Managing edge data in the 5G era

(Image credit: Future)

In the IT sector, things tend to go in waves. Over the past few years, the emphasis on cloud computing has seen a lot of centralisation take place. From running our own data centres to using public cloud services, companies have been adopting cloud to make their applications scale and to reduce their costs.

However, at the same time, there has been an undercurrent of computing moving in the other direction. Rather than centralise, computing can move to individual devices that carry out specific tasks and that can’t handle the round trip between a device and the cloud. Edge computing is growing as more 5G use cases develop.

Whether it is the future connected car, supply chain operations directed based on data from sensors in shipping containers, or more straightforward Internet of Things devices, edge computing takes a different approach. 5G networks can support more edge devices connecting to the Internet in the same location, while also opening up the volume of data that can be shared.

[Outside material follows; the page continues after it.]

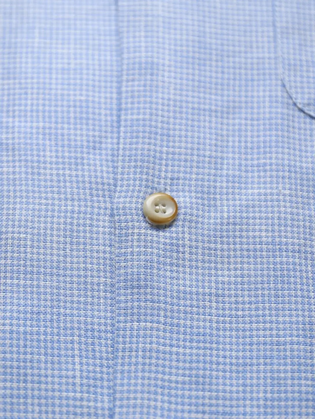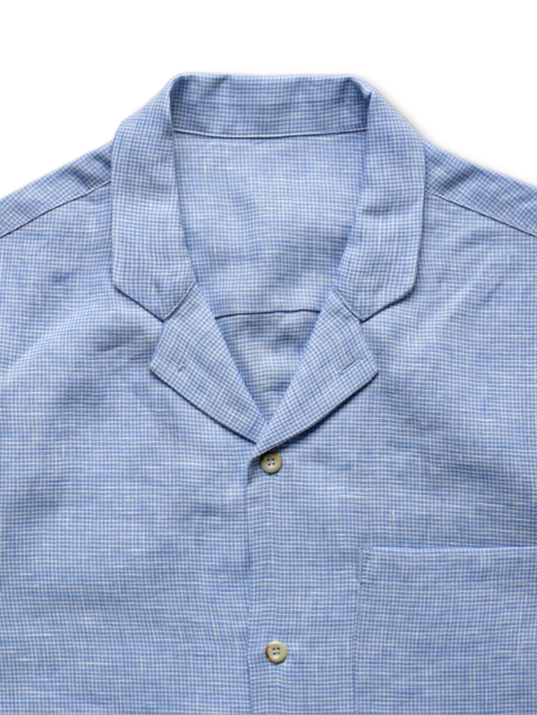 100%リネン素材を使用し、淡いチェック柄が涼しげでナチュラルな雰囲気を演出。軽くて通気性が高く、着心地は爽やか。小ぶりの古巴襟が首元をすっきり見せ、カジュアルからリゾートスタイルまで幅広く対応。使い込むほどに柔らかさが増し、快適な着用感が続く一枚。

From a data perspective, all these devices will be creating data all the time. So how should we go about storing and using that data over time, especially as 5G will make connectivity even more ubiquitous than it is today?

Data at the edge

"If each edge device is self-contained, then simple storage on the device itself can be used. However, for most enterprise use cases, the number of devices will be distributed and companies will want to see the status of all those devices over time."
Patrick Callaghan, DataStax.

Edge computing is fundamentally about serving a need locally to a user, whether that is taking data from sensors and then providing an automated response in real time, or carrying out some complex processing where latency would be too much of an issue. The latter category is particularly important for projects taking place around connected vehicles, where latency would affect safety.

Whatever size of project you have, managing the data you have created will be a requirement over time. There are several variables to consider - how much data is being created, how quickly that data creation takes place and what the data is used for over time. For anything above simple responses, that data will have to be stored.

If each edge device is self-contained, then simple storage on the device itself can be used. However, for most enterprise use cases, the number of devices will be distributed and companies will want to see the status of all those devices over time. This will therefore involve Internet connections and each device will have to provide data back to a central service.

To manage this at the edge, you can implement a way to capture and store all the data that is needed centrally, and then send the data back to the central service so it can be analysed. To architect this, there are two options: use separate approaches on the remote devices and the central service, or use the same approach across both.

Both approaches can have issues. Storing data locally then sending it back to a different service will involve lots of data extraction, transformation and load actions which can add a substantial overhead for the team in terms of management and updates. However, trying to run data management in a distributed environment has its own challenges, too. A fully distributed set of devices will need a fully distributed data strategy.

Similarly, if you intend to use data for analysis at scale then it should be structured. Gathering lots of data points together can be useful, but unstructured data is not that valuable on its own. Instead, you can consider using a time-series data approach when the order of events in sensor data will be valuable. Implementing a database can also help, as this will make it easier to store all the data over time. Ideally, you can consider a fully distributed database that can run across multiple locations to make it easier to organise and store all your edge computing data over time.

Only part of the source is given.